On Fri, 20 Oct 2023, Linkui Xiao wrote:

> On 10/20/23 03:19, Jozsef Kadlecsik wrote:
> > Linkui Xiao reported that there's a race condition when ipset swap and
> > destroy is
> > called, which can lead to crash in add/del/test element operations. Swap
> > then
> > destroy are usual operations to replace a set with another one in a
> > production
> > system. The issue can in some cases be reproduced with the script:
> > 
> > ipset create hash_ip1 hash:net family inet hashsize 1024 maxelem 1048576
> > ipset add hash_ip1 172.20.0.0/16
> > ipset add hash_ip1 192.168.0.0/16
> > iptables -A INPUT -m set --match-set hash_ip1 src -j ACCEPT
> > while [ 1 ]
> > do
> > 	# ... Ongoing traffic...
> >          ipset create hash_ip2 hash:net family inet hashsize 1024 maxelem
> > 1048576
> >          ipset add hash_ip2 172.20.0.0/16
> >          ipset swap hash_ip1 hash_ip2
> >          ipset destroy hash_ip2
> >          sleep 0.05
> > done
> > 
> > In the race case the possible order of the operations are
> > 
> > 	CPU0			CPU1
> > 	ip_set_test
> > 				ipset swap hash_ip1 hash_ip2
> > 				ipset destroy hash_ip2
> > 	hash_net_kadt
> > 
> > Swap replaces hash_ip1 with hash_ip2 and then destroy removes hash_ip2 which
> > is the original hash_ip1. ip_set_test was called on hash_ip1 and because
> > destroy
> > removed it, hash_net_kadt crashes.
> > 
> > The fix is to protect both the list of the sets and the set pointers in an
> > extended RCU
> > region and before calling destroy, wait to finish all started
> > rcu_read_lock().
> > 
> > The first version of the patch was written by Linkui Xiao
> > <xiaolinkui@xxxxxxxxxx>.
> > 
> > Closes:
> > https://lore.kernel.org/all/69e7963b-e7f8-3ad0-210-7b86eebf7f78@xxxxxxxxxxxxx/
> > Reported by: Linkui Xiao <xiaolinkui@xxxxxxxxxx>
> > Signed-off-by: Jozsef Kadlecsik <kadlec@xxxxxxxxxxxxx>
> > ---
> >   net/netfilter/ipset/ip_set_core.c | 28 +++++++++++++++++++++++-----
> >   1 file changed, 23 insertions(+), 5 deletions(-)
> > 
> > diff --git a/net/netfilter/ipset/ip_set_core.c
> > b/net/netfilter/ipset/ip_set_core.c
> > index e564b5174261..7eedd2825e0c 100644
> > --- a/net/netfilter/ipset/ip_set_core.c
> > +++ b/net/netfilter/ipset/ip_set_core.c
> > @@ -704,13 +704,18 @@ ip_set_rcu_get(struct net *net, ip_set_id_t index)

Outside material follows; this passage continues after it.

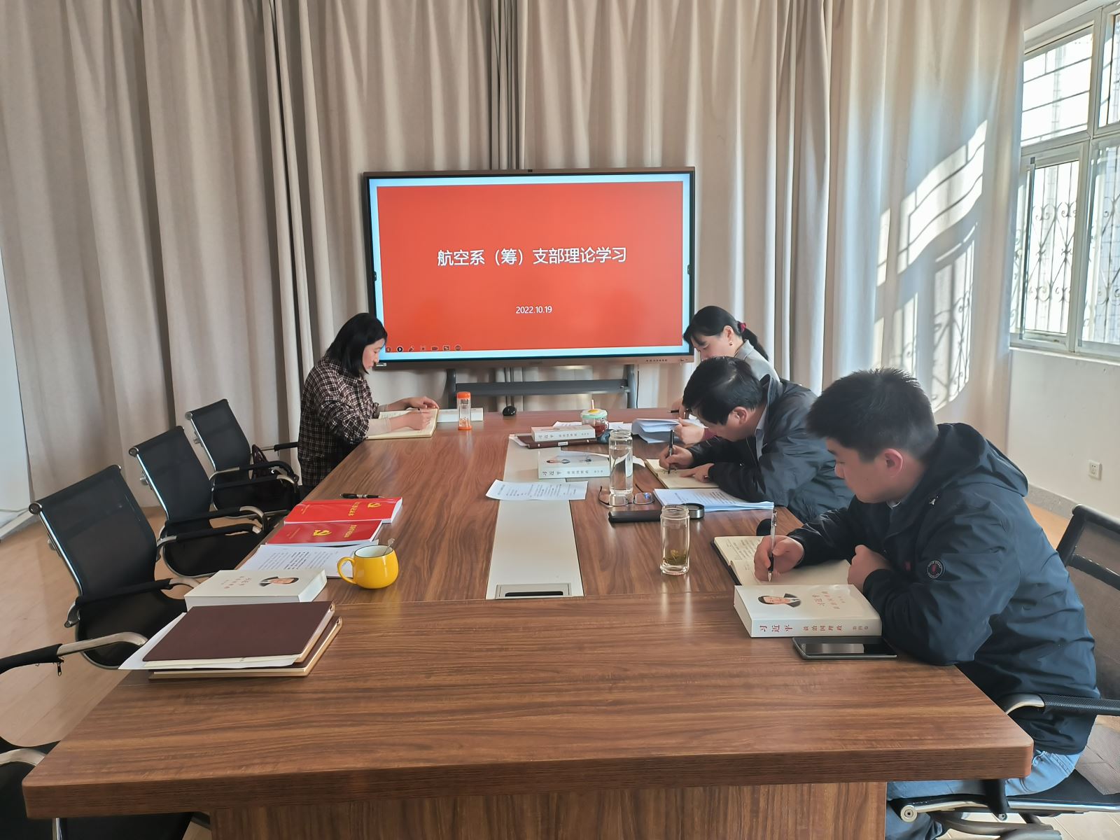 10月19日下午,航空系(筹)党支部在教学楼一楼会议室组织召开理论学习会,专题学习党的二十大精神。学院副院长、系党支部书记朱文胜主持会议并讲话,航空系(筹)党支部全体成员参加会议。

> >   	struct ip_set_net *inst = ip_set_pernet(net);
> >     	rcu_read_lock();
> > -	/* ip_set_list itself needs to be protected */
> > +	/* ip_set_list and the set pointer need to be protected */
> >   	set = rcu_dereference(inst->ip_set_list)[index];
> > -	rcu_read_unlock();
> >     	return set;
> >   }
> >   +static inline void
> > +ip_set_rcu_put(struct ip_set *set __always_unused)
> > +{
> > +	rcu_read_unlock();
> > +}
> > +
> >   static inline void
> >   ip_set_lock(struct ip_set *set)
> >   {
> > @@ -736,8 +741,10 @@ ip_set_test(ip_set_id_t index, const struct sk_buff
> > *skb,
> >   	pr_debug("set %s, index %u\n", set->name, index);
> >     	if (opt->dim < set->type->dimension ||
> > -	    !(opt->family == set->family || set->family == NFPROTO_UNSPEC))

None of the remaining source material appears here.